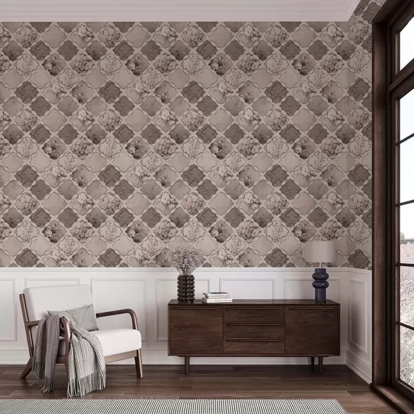 Papel pintado Romántico mosaico de medallones florales en tonos apagados Nr. a01027
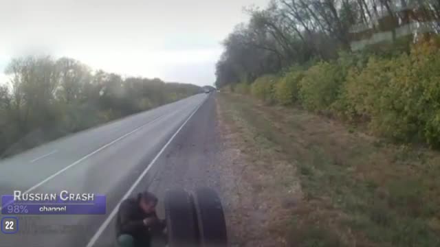 TIRE EXPLOSION IN FRONT OF MAN NEARLY FUCKED UP
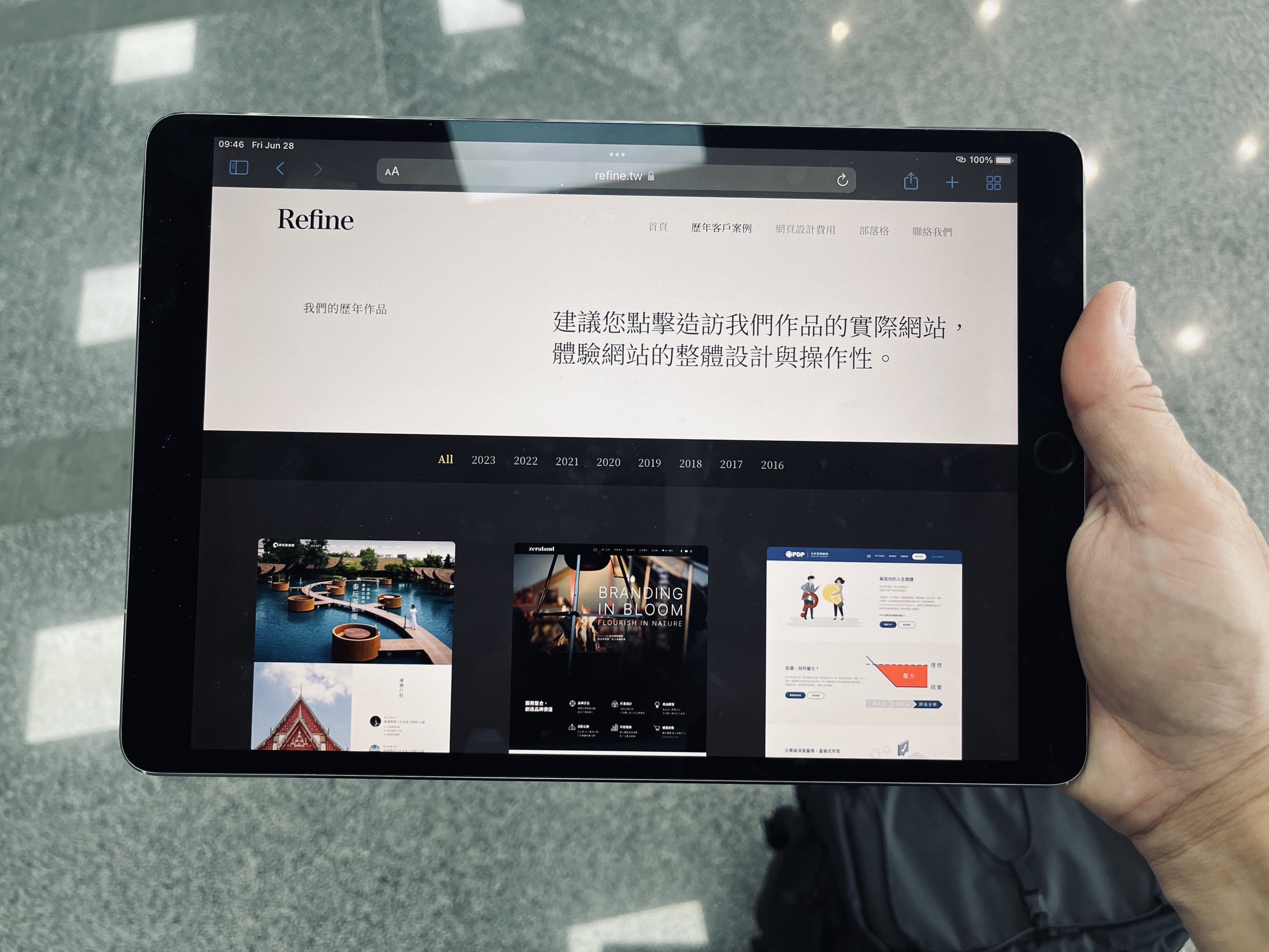 ↑向客戶介紹自己時,我會用 iPad 展示一下自己工作室的網頁
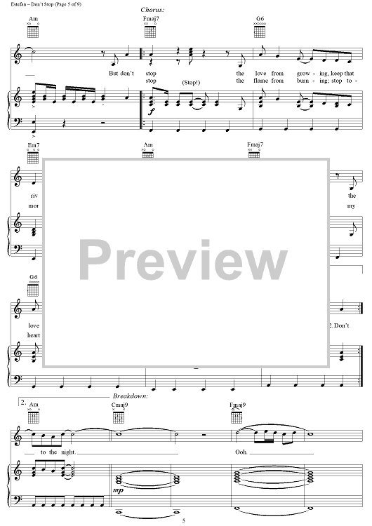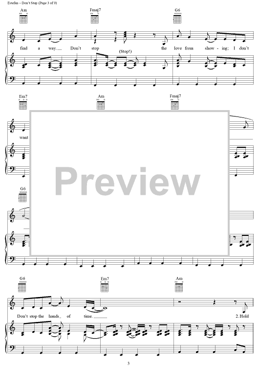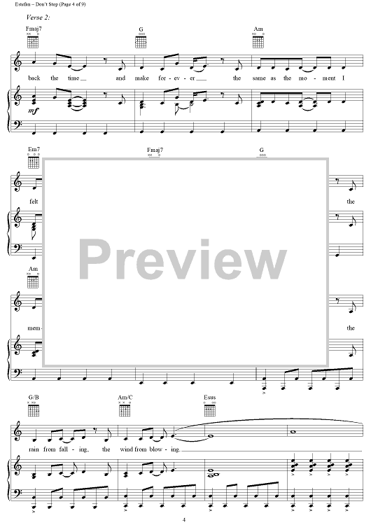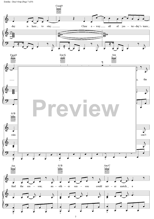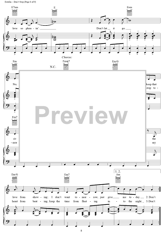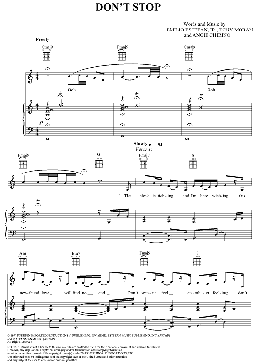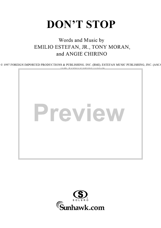 Digital Sheet Music for Don't Stop by Gloria Estefan, Angie Chirino, Emilio Estefan Jr., Tony Moran scored for Piano/Vocal/Chords; id:270149
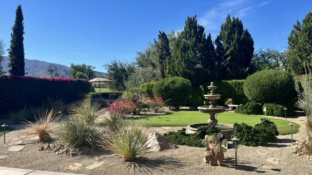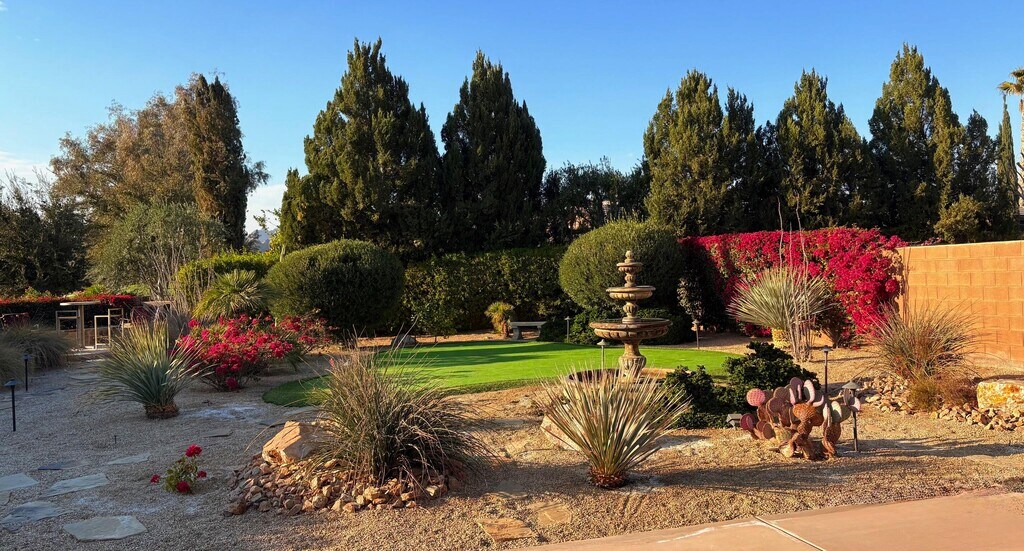 RENTED 1-01-2026 thru 4-30-26 Available all other months. This beautiful Oasis Plan offers two bedrooms two baths. Nicely decorated. Large kitchen fully stoked. The beautiful backyard has its own putting green. You have views of the golf course and gorgeous Santa Rosa mountains. Many evenings can be enjoyed setting by the Firepit and watch the sunset. Located on a large lot and walking distance to the club house. The clubhouse has a full gym,indoor running track. Trilogy is a 55 and older community with pickleball courts,full tennis courts,bocce ball,Library,mini theater,18 hole golf course.

## How to complete this task
Extract the lines exactly, please: the first line of the listing, the line with "Digital Sheet Music", and every line between them, but no pictures.

## Response below
 Papel pintado Romántico mosaico de medallones florales en tonos apagados Nr. a01027
 TIRE EXPLOSION IN FRONT OF MAN NEARLY FUCKED UP
 ↑向客戶介紹自己時,我會用 iPad 展示一下自己工作室的網頁
 Digital Sheet Music for Don't Stop by Gloria Estefan, Angie Chirino, Emilio Estefan Jr., Tony Moran scored for Piano/Vocal/Chords; id:270149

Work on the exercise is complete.